I 100% agree that the current model doesn't fit.

The challenge in my mind is, at the end of the day, we need a single exception type that holds all method argument ConstraintViolations.

This exception type should contain violations of cross-parameter constraints and violations of individual arguments annotated with @Constraints or annotated with @Valid.

This would provide a complete solution for handling pre-method execution ConstraintViolations.

The MethodValidationResult and MethodValidationException names imply this functionality but currently require a lot of finagling to achieve it (ConstraintViolation manipulation in the case of cross-parameter constraints and the requirement to have additional @Constraints on the method for '@Valid` to be evaluated ).

Thanks for the sample.

For cross-parameter validation, the property path has the method node and then a cross-parameter node, but no other useful info on which parameters were validated or what the argument values were. Is that because the ConstraintValidator implementation is empty and just returns false? In other words, is the validator able to and expected to update the context in a way that would expose more information in the resulting ConstraintViolation?
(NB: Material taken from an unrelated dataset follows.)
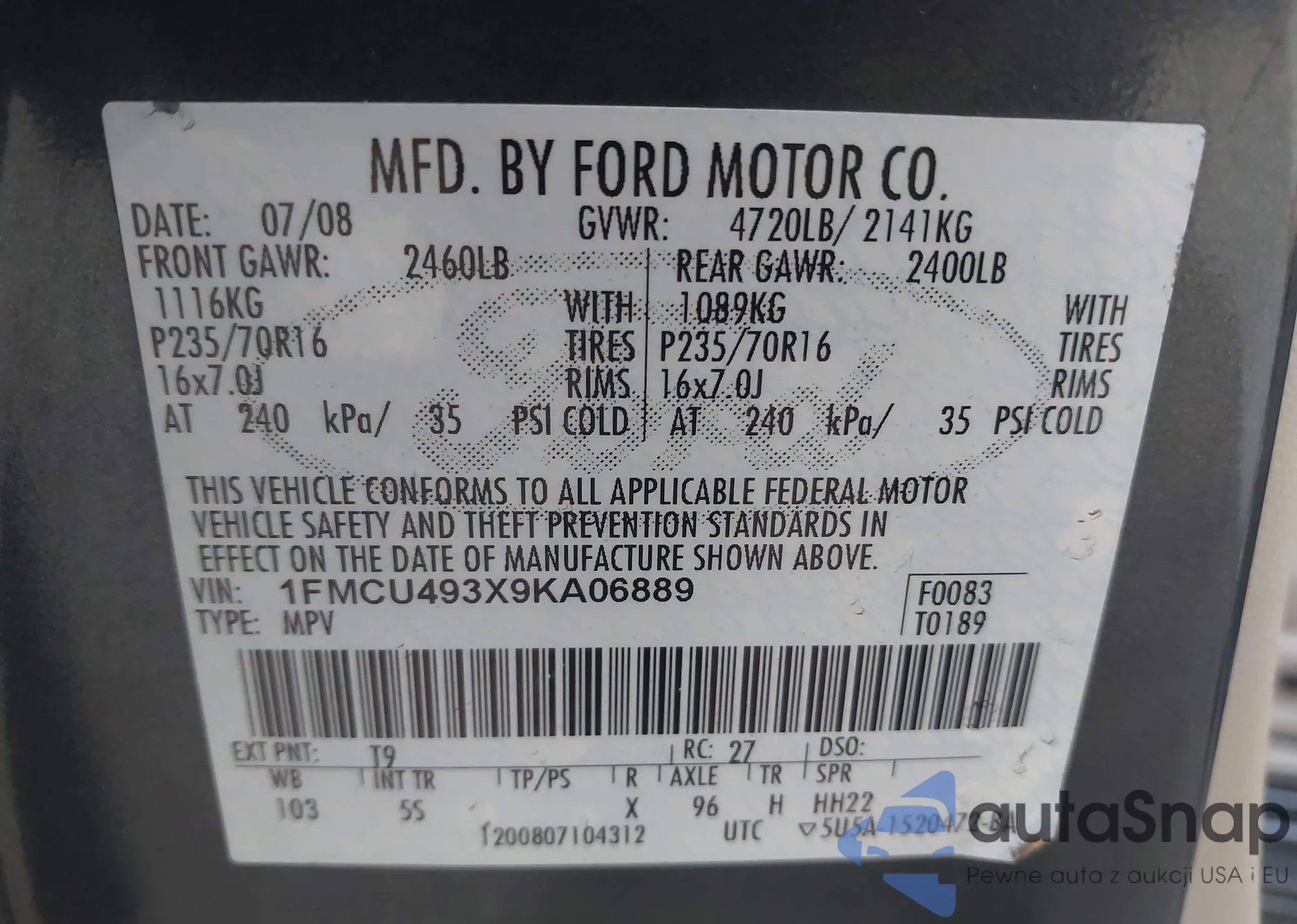 VIN: 1FMCU493X9KA06889

At any rate, a cross-parameter violation does not fit into the current model where a MethodValidationResult holds value results (violations of parameter constraints) or bean results (violations of nested object field constraints) both of which aggregate violations for a specific method parameter.

We could create a CrossParameterValidationResult that holds basic MessageSourceResolvable's prepared from the annotation name and the target class/method name, but I'm not sure if we can get anything more useful than that.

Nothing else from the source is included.